[Opening Extracted information section]
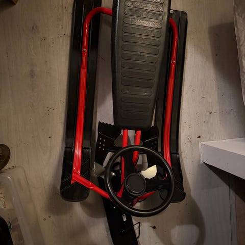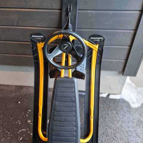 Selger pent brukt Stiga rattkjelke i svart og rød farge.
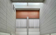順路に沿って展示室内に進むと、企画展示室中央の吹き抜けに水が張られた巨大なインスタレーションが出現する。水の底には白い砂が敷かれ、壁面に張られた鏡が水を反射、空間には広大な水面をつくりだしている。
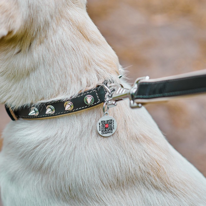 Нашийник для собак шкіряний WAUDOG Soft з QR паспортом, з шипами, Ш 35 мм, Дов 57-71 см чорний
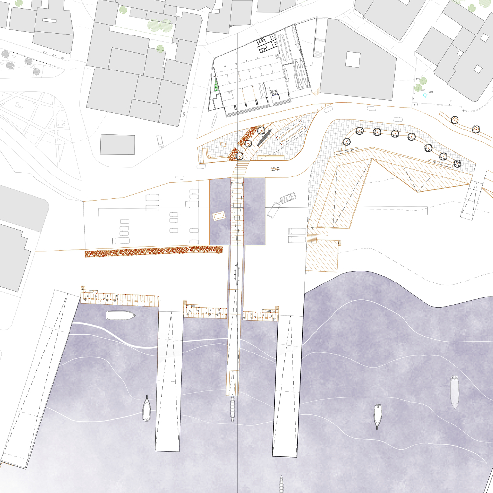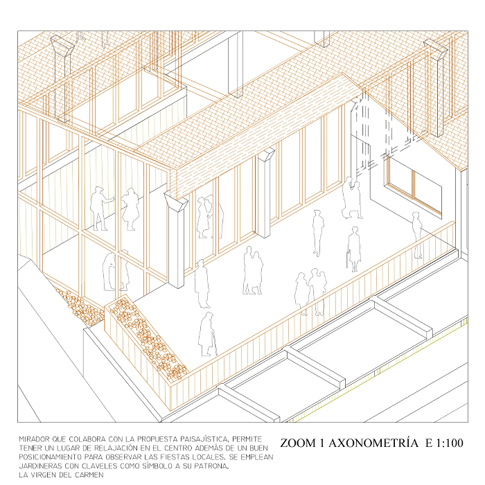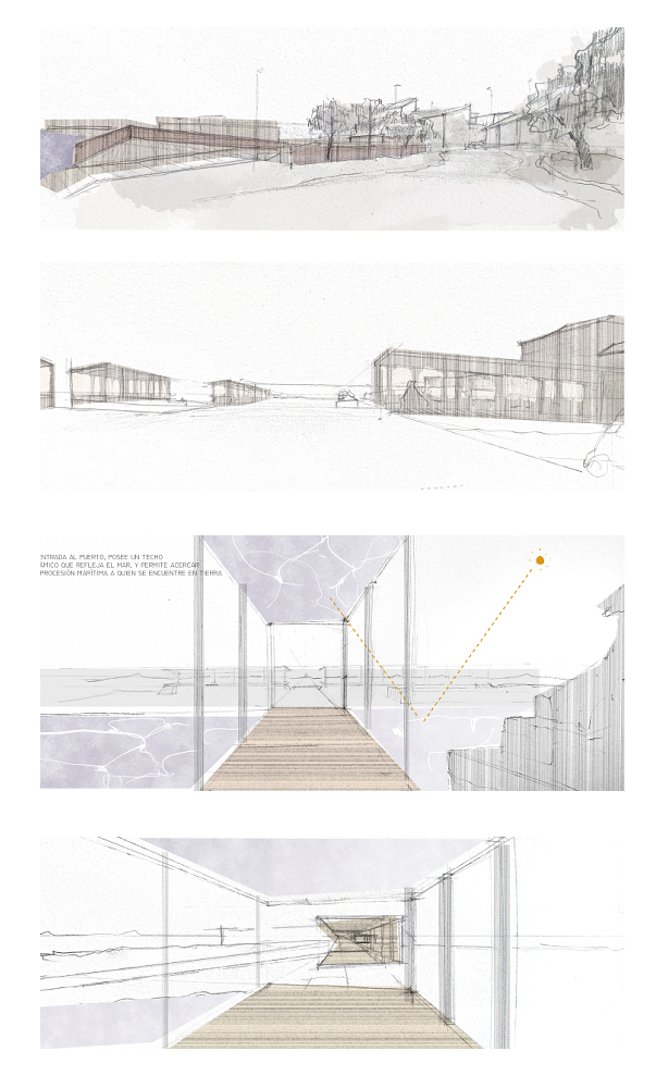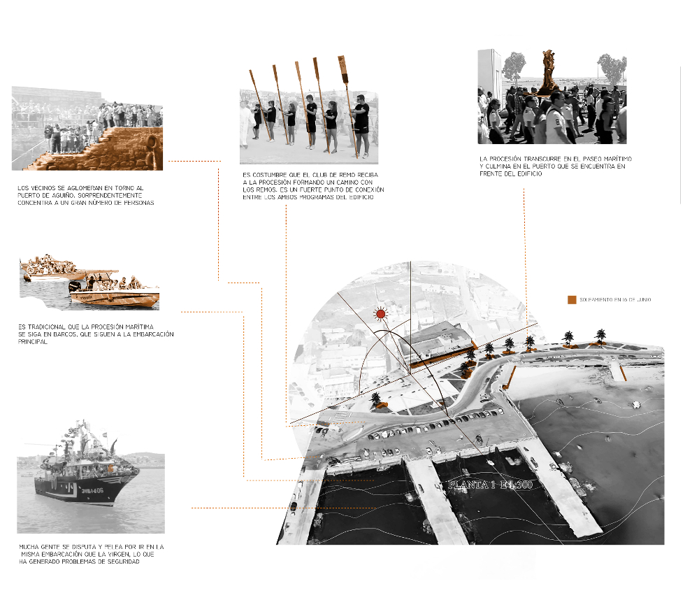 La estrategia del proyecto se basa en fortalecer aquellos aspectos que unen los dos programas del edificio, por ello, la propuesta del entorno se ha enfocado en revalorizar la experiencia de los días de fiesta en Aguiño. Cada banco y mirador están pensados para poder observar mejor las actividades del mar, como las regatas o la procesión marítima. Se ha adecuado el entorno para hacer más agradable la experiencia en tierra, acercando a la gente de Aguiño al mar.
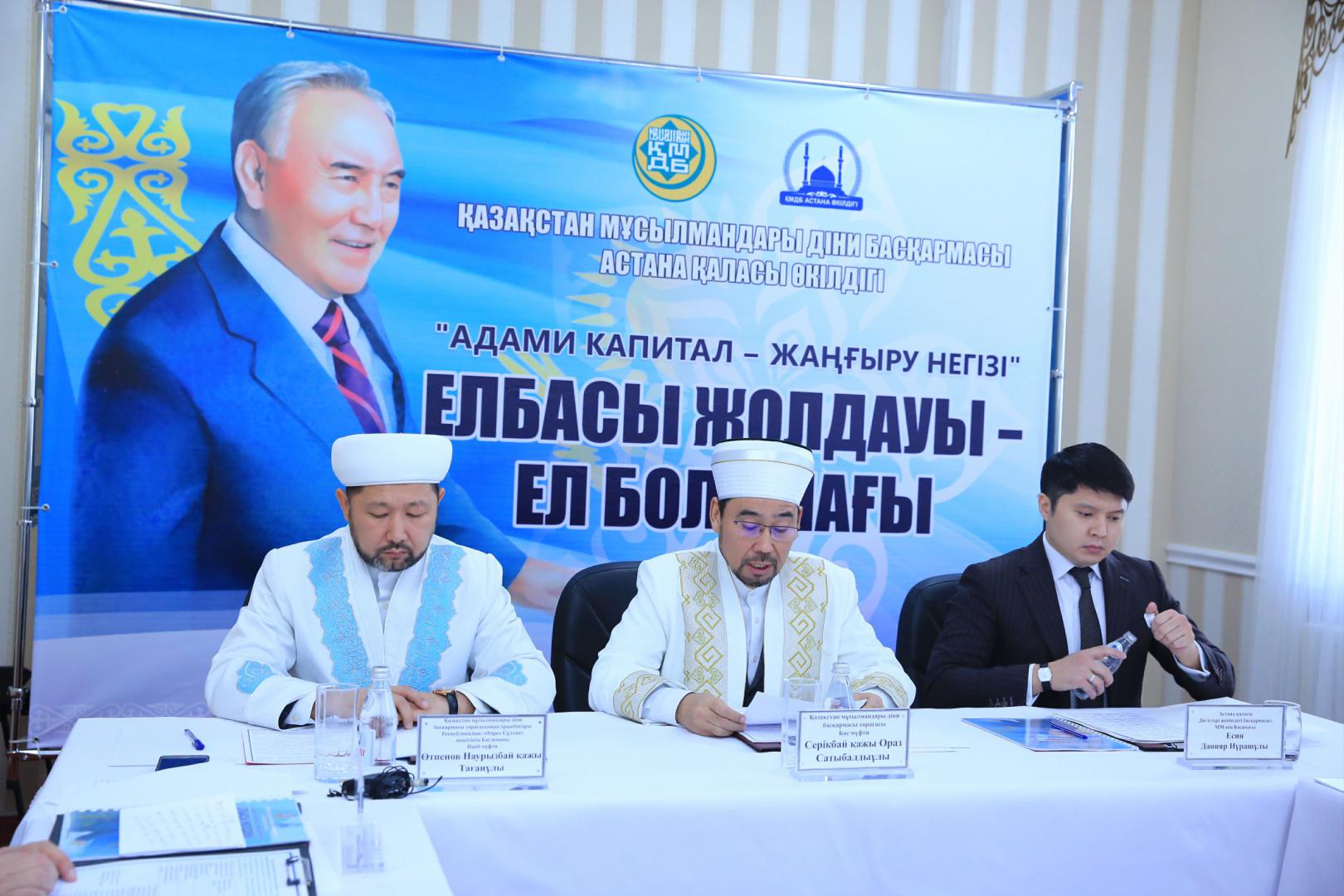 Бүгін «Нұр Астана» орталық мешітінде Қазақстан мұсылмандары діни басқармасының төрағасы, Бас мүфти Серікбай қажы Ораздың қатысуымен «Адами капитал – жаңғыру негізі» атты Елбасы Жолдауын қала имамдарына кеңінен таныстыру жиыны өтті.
[Closing Extracted information section]
# [Assignment]
Reproduce the data above verbatim, minus any images.

# [Your response]
 Selger pent brukt Stiga rattkjelke i svart og rød farge.
順路に沿って展示室内に進むと、企画展示室中央の吹き抜けに水が張られた巨大なインスタレーションが出現する。水の底には白い砂が敷かれ、壁面に張られた鏡が水を反射、空間には広大な水面をつくりだしている。
 Нашийник для собак шкіряний WAUDOG Soft з QR паспортом, з шипами, Ш 35 мм, Дов 57-71 см чорний
 La estrategia del proyecto se basa en fortalecer aquellos aspectos que unen los dos programas del edificio, por ello, la propuesta del entorno se ha enfocado en revalorizar la experiencia de los días de fiesta en Aguiño. Cada banco y mirador están pensados para poder observar mejor las actividades del mar, como las regatas o la procesión marítima. Se ha adecuado el entorno para hacer más agradable la experiencia en tierra, acercando a la gente de Aguiño al mar.
 Бүгін «Нұр Астана» орталық мешітінде Қазақстан мұсылмандары діни басқармасының төрағасы, Бас мүфти Серікбай қажы Ораздың қатысуымен «Адами капитал – жаңғыру негізі» атты Елбасы Жолдауын қала имамдарына кеңінен таныстыру жиыны өтті.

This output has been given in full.